The scorching eight-hour drive from the group's Northern California home to its Thursday concert at the all-ages Showcase Theatre in Corona has left the Donnas slightly wilted. Before the show, they hang around their cars in the parking lot during an interview, eating pizza, gulping water, applying makeup and blasting KISS' "Rock and Roll All Nite" on the car stereo.
The metallic crunch of KISS is a key component, but the fun-loving, cartoonish insolence on the Donnas' current Lookout! Records album, "American Teenage Rock 'n' Roll Machine," most vividly recalls the classic punk-pop of the Ramones and the boisterous sexuality of '70s girl rockers the Runaways. Ten songs add up to 24 minutes of three-chord delinquency, all about running wild and rocking hard.

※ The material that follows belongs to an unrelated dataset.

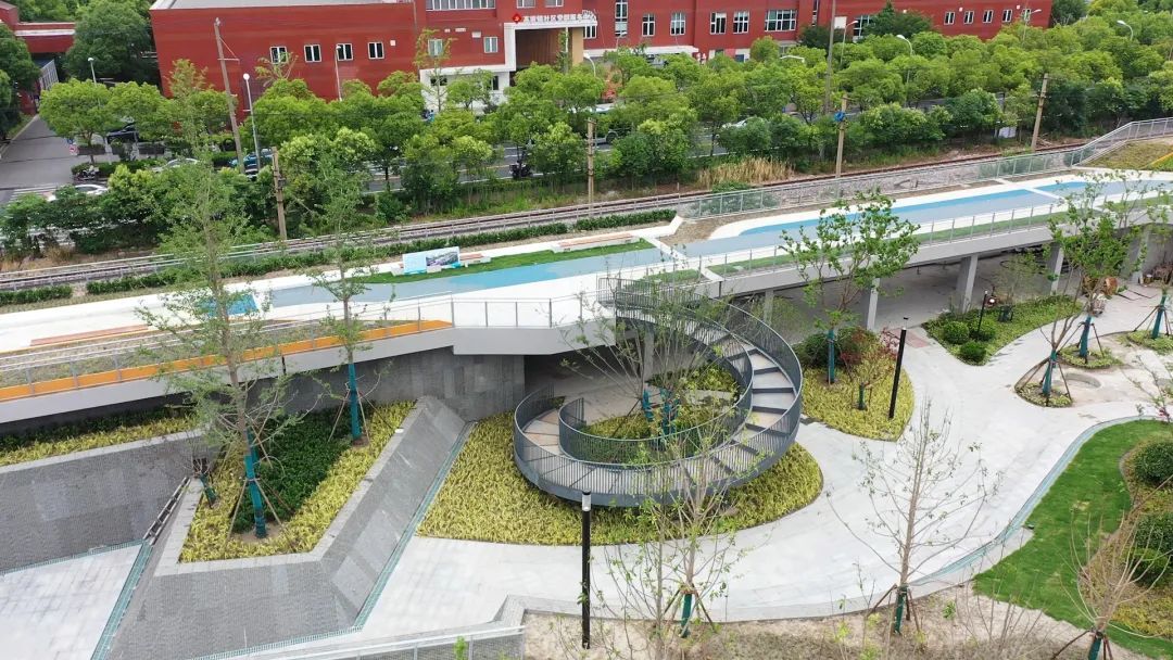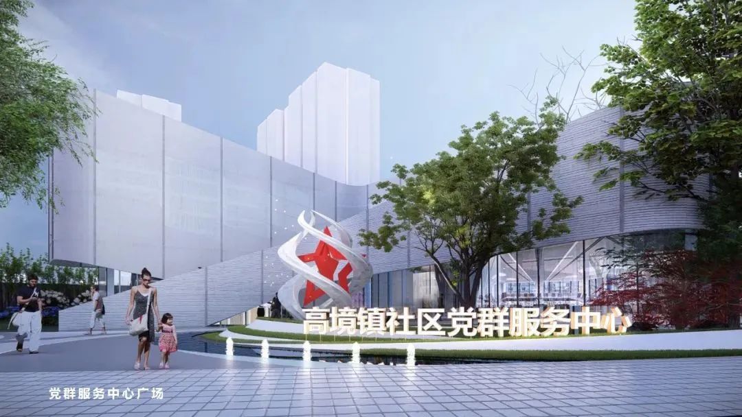 此外,绿地的西南侧还建有高境镇党群服务站。作为高境镇社区党群服务中心B区,服务中心力求建设全时段全龄友好共融空间,围绕居民、新就业群体等不同人群的需求,突出党群阵地政治功能基础,融入社区共融营造工作室、24小时智慧社区办事厅、社区图书馆、社区餐厅等功能,致力让党建元素嵌入城市肌理、市民乐享美好生活。
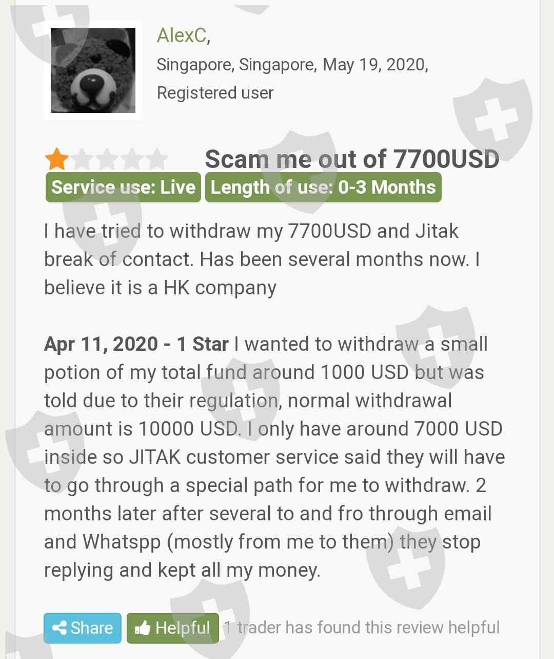 JITAK通过禁止提款和通过虚假网站误导人们来欺骗许多人。

The group's album hasn't cracked the national Top 200, but its fetchingly nostalgic sound and stance have recently charmed the rock press, with Rolling Stone noting that "hanging with the Donnas is like being in detention with all your best friends," and Spin lauding the band's "good-time cave-girl feminism."
Just as the members of the Ramones all took the same last name, the Donnas all use the same first name. On stage, each wears a T-shirt that reads "Donna," followed by the first letter of her real surname: Donna R. (Allison Robertson), Donna C. (Torry Castellano), vocalist Donna A. (Brett Anderson) and bassist Donna F. (Maya Ford). All are 19--except Donna R., who's 18--and they've been in bands together since they were 13.
Back in junior high, inspired by the women of L7 and Shonen Knife, as well as the Riot Grrl movement, the girls formed the school's only female band. If the boys were unimpressed, the future Donnas couldn't have cared less. "Maybe they knew how to play their instruments better, but the songs were [bad]," Donna C. says.
After discovering KISS and Alice Cooper, the girls were 15 and happily wrecking eardrums with their speed-metal act the Electrocutes when acquaintance Darin Raffaelli asked them to perform some garage-rock songs he'd written with a female group in mind. Thus, the Donnas were born. The girls thought it would be a one-shot deal, but Raffaelli's project proved more accessible than theirs.
But the girls wanted more creative control. "We didn't want to be stuck in some band where some dude wrote the songs for us," Donna R. says. They also wanted a harder-rocking edge than was reflected on their early releases, a vinyl LP called "The Donnas" and three singles on San Francisco indie Super*Teem, which Lookout! will re-release on a CD this month.
Indeed, Donna R.'s power chords stand out during the band's Showcase performance, sealing in the rebellious juices of "Rock 'n' Roll Machine" and "Gimmie My Radio." The band wastes not a single second of its 30-minute set, tearing through one raucous anthem after another, barely pausing for Donna A. to catch her breath.
As much as songs such as "Checkin' It Out" and "Leather on Leather" aim to be sexually commanding, the tone is closer to the tough innocence of the '60s' Shangri-Las than the ruined innocence of the Runaways--or even the liberated demands of such elliptical kindred spirits as Elastica. The shock value of declarations such as "You Make Me Hot" is certainly diminished in a world of Spice Girls and L'il Kims, but the Donnas also seem more comfortable rocking than raunching. And they aren't fully aware that much of their charm, for better or worse, is tied to their being Chicks Who Rock. Just ask the pint-sized stalker-in-training who prowls the club, trying to score a hug from each Donna and high-fiving his friends both times he is successful.
The Donnas shrug off this type of behavior, but it annoys them. Still, there are worse things. Like? "It sucks when people say, 'Oh, you guys are really good--for girls,' " scoffs Donna A. "They actually think they're being nice."